Methods: We evaluated the potential of CMV DNA doubling time (dt) in plasma to distinguish between CsCMVi and abortive CMV infection in allo-HSCT recipients on primary LMV prophylaxis. Data from the Spanish Hematopoietic Transplantation and Cell Therapy Group multicenter registry included 296 allo-HSCT patients receiving LMV prophylaxis. Participating centers used a plasma CMV DNA threshold of ≥1000 IU/mL for initiating PET. The CMV DNA dt was calculated from the first two or three positive polymerase chain reaction (PCR) results based on pre-established criteria.

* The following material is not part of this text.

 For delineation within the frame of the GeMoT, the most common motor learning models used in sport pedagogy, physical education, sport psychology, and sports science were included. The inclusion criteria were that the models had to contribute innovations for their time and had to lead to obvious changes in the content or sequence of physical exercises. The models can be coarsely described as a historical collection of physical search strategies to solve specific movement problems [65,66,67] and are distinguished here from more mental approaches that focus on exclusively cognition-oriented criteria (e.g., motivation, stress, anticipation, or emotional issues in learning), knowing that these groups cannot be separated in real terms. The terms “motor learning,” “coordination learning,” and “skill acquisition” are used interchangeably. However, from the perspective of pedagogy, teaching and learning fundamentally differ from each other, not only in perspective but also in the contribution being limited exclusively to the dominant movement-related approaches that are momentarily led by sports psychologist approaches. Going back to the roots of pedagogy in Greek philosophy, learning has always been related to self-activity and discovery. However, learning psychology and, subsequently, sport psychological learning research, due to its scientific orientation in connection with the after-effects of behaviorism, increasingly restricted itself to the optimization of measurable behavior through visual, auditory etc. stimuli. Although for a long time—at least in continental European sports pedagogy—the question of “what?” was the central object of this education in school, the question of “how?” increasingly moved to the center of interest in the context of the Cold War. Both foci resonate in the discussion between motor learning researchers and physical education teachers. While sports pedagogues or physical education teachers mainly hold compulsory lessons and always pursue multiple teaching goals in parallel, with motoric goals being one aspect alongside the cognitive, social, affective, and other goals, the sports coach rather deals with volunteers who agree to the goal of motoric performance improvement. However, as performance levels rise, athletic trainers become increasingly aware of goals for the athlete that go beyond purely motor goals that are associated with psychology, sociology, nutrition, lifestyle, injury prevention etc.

Results: CMV DNAemia developed in 64 recipients (21.6%) with a total of 88 episodes, of which CsCMVi occurred in 9 recipients (3.04%) and included 10 episodes (one patient had confirmed CMV gastrointestinal disease). A non-calculable CMV DNA dt had a negative predictive value of 94% for CsCMVi. For initial episodes with calculable CMV DNA dts (4/7 CsCMVi and 8/57 no-CsCMVi), a threshold of >2.35 days had a specificity of 100% for ruling out CsCMVi.
Conclusion: CMV DNA dt could optimize CMV infection management in allo-HSCT patients under LMV prophylaxis, independent of the PCR platform used.

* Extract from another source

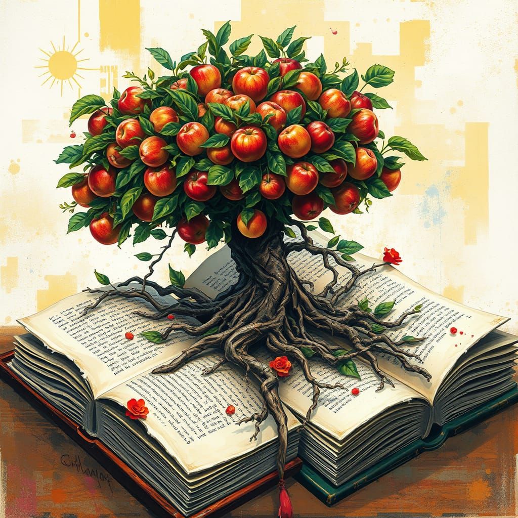 A dreamlike scene of a blooming apple tree bursting forth from a worn book, rendered in high-contrast graffiti and street art style with bold brushstrokes and vivid colors, blending organic textures with digital precision.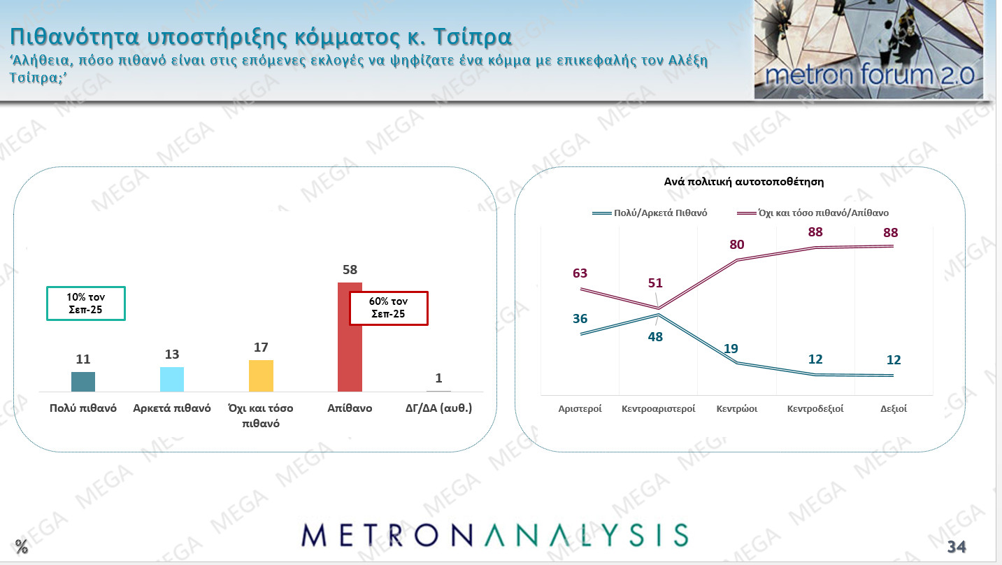 Το 24% είναι πολύ πιθανό έως αρκετά πιθανό να ψήφιζε ένα κόμμα με επικεφαλής τον Αλέξη Τσίπρα. Και να τον έβαζε σε τροχιά διακυβέρνησης.

背景:Letermovir (LMV)预防目前是预防巨细胞病毒(CMV)血清阳性的同种异体造血干细胞移植(alloo - hsct)受者临床显著巨细胞病毒(CMV)感染(CsCMVi)的一线策略。在移植中心,各种各样的CMV DNA阈值用于LMV中断和先发制人的抗病毒治疗(PET)的开始。方法:我们评估了血浆中巨细胞病毒DNA倍增时间(dt)的潜力,以区分初次预防LMV的同种异体造血干细胞移植受者的CsCMVi和流产巨细胞病毒感染。来自西班牙造血移植和细胞治疗组多中心注册的数据包括296例接受LMV预防的同种异体造血干细胞移植患者。参与中心使用血浆CMV DNA阈值≥1000 IU/mL启动PET。根据预先建立的标准,从前两个或三个聚合酶链反应(PCR)阳性结果计算CMV DNA dt。结果:64例(21.6%)受者发生CMV dna血症,共88次发作,其中9例(3.04%)发生CsCMVi,包括10次发作(1例确诊CMV胃肠道疾病)。不可计算的CMV DNA dt对CsCMVi的阴性预测值为94%。对于可计算的CMV DNA dts的初始发作(4/7 CsCMVi和8/57无CsCMVi), bbb2.35天的阈值对排除CsCMVi的特异性为100%。结论:CMV DNA dt可以优化LMV预防的同种异体造血移植患者的CMV感染管理,与使用的PCR平台无关。
期刊介绍:
Transplant Infectious Disease has been established as a forum for presenting the most current information on the prevention and treatment of infection complicating organ and bone marrow transplantation. The point of view of the journal is that infection and allograft rejection (or graft-versus-host disease) are closely intertwined, and that advances in one area will have immediate consequences on the other. The interaction of the transplant recipient with potential microbial invaders, the impact of immunosuppressive strategies on this interaction, and the effects of cytokines, growth factors, and chemokines liberated during the course of infections, rejection, or graft-versus-host disease are central to the interests and mission of this journal.
Transplant Infectious Disease is aimed at disseminating the latest information relevant to the infectious disease complications of transplantation to clinicians and scientists involved in bone marrow, kidney, liver, heart, lung, intestinal, and pancreatic transplantation. The infectious disease consequences and concerns regarding innovative transplant strategies, from novel immunosuppressive agents to xenotransplantation, are very much a concern of this journal. In addition, this journal feels a particular responsibility to inform primary care practitioners in the community, who increasingly are sharing the responsibility for the care of these patients, of the special considerations regarding the prevention and treatment of infection in transplant recipients. As exemplified by the international editorial board, articles are sought throughout the world that address both general issues and those of a more restricted geographic import.